# 30" wheel TOC big chainring bike.



## Mark Mattei (Sep 7, 2017)

Corbin CB, 30" wheels, big chainring, suspension seatpost, adjustable handlebar/stem, quick removal fenders, odd pedals with no adjustable metal "straps" and leather "toe clips" (toe clips have perished) any ideas on brand or any other insight? Thanks, Mark.


----------



## fordmike65 (Sep 7, 2017)

All I know is I'm in love


----------



## Cowboy in NC (Sep 7, 2017)

Me too... Nice- Nice Bike but I haven`t got a clue....-------Cowboy


----------



## 49autocycledeluxe (Sep 7, 2017)

I think I better just stay away from this antique bike forum, that bike is too cool. next thing you know I'll be looking for one


----------



## jkent (Sep 7, 2017)

I think it needs a new home, In my living room!!!
JKent


----------



## carlitos60 (Sep 8, 2017)

Man,,,,,,I Could Use Those Wheels!!!!
Super Nice!
Any Holes on the Head Tube or Ideas as to Brand Name??


----------



## catfish (Sep 8, 2017)

Mark,   You have some cool stuff.    Catfish


----------



## Mark Mattei (Sep 8, 2017)

Glad you guys like the bike, to those who have inquired if it is for sale, I will let you know if it goes on the block. No headbadge screw holes. If any info surfaces on the bike, I'll share it here. Thank you, Mark.


----------



## gkeep (Sep 9, 2017)

What a beauty! Do you think those fender are a later retrofit? They almost look home made.  Amazing condition!!

Gary


----------



## troy boy (Sep 9, 2017)

Hi Mark I to would like to purchase this this bike. thank you Brian    262 220 0644  no shipping would be required


----------



## dnc1 (Sep 10, 2017)

Any sign of a brake lever being mounted on those bars? Usually those type of front mudguards stop short due to there being a tyre friction brake mounted fore the fork crown. Love the frame transfers.
Lovely machine, wish I were wheeling that one down the road this morning, beautiful!


----------



## Mark Mattei (Sep 10, 2017)

gkeep said:


> What a beauty! Do you think those fender are a later retrofit? They almost look home made.  Amazing condition!!
> 
> Gary



Hi, thanks for the thumbs up, fenders may be an add on from the period. Mark.


----------



## Mark Mattei (Sep 10, 2017)

dnc1 said:


> Any sign of a brake lever being mounted on those bars? Usually those type of front mudguards stop short due to there being a tyre friction brake mounted fore the fork crown. Love the frame transfers.
> Lovely machine, wish I were wheeling that one down the road this morning, beautiful!


----------



## Mark Mattei (Sep 10, 2017)

Hi, no sign of brake linkage, when I disassembled and relubed the CB I recall a 98 on the internals, 1898 year of manufacture?


----------



## willswares1220 (Sep 11, 2017)

Love those 30 inchers brother!!


----------



## Balloontyre (Sep 12, 2017)

Here's what i learned about the bike when i owned it.

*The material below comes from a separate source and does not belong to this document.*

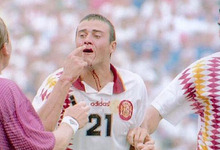 Luis Enrique, sangrando, protesta al árbitro por el penalti no señalado. España volvía a casa en cuartos.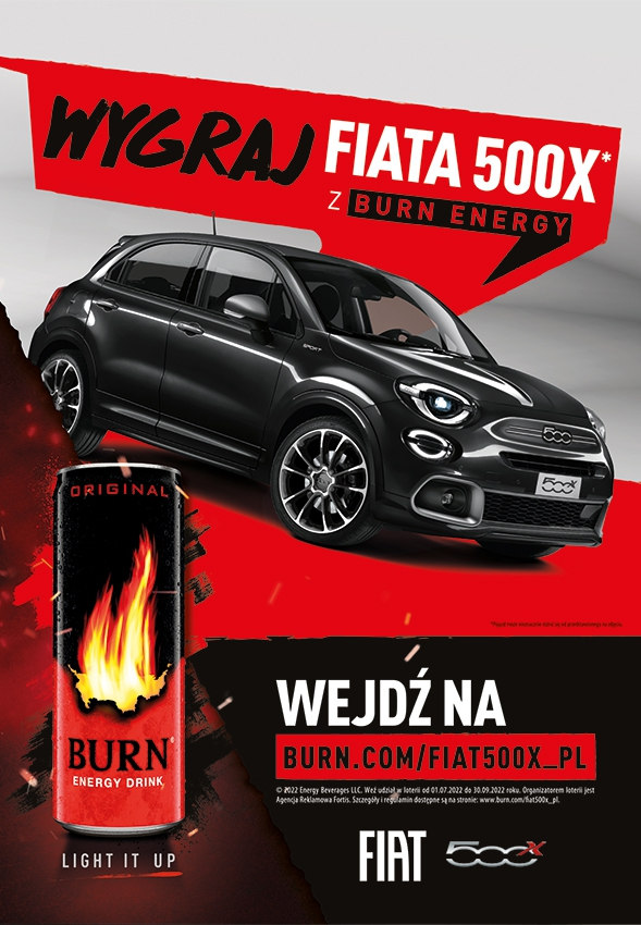 Kup dowolny, promocyjny napój Burn zawierający pod zawleczką kod.Zgłoś udział w loterii, wypełnij formularz na stronie http://burn.com./fiat_pl.

https://thecabe.com/forum/threads/big-30-inch-wheel.66698/


----------



## locomotion (Jul 10, 2018)

if this bike ever comes up for sale, please PM me


----------



## GiovanniLiCalsi (Jul 10, 2018)

The 30” bicycle wheel craze was from 1896-1901. Lots of bicycles had many upgrades.
The Corbin coaster brake is rare, later edition.
The hub was was made after the New Departure law suit, probably around 1902?


----------



## GiovanniLiCalsi (Jul 10, 2018)




----------



## anders1 (Jul 20, 2018)

Very nice ride...


----------



## bricycle (Jul 20, 2018)

You could run 32" on that puppy. "I shall not covet my Cabers bike".....
love the brake!


----------



## bricycle (Jul 20, 2018)

are those R.Dean 28's stretched on?


----------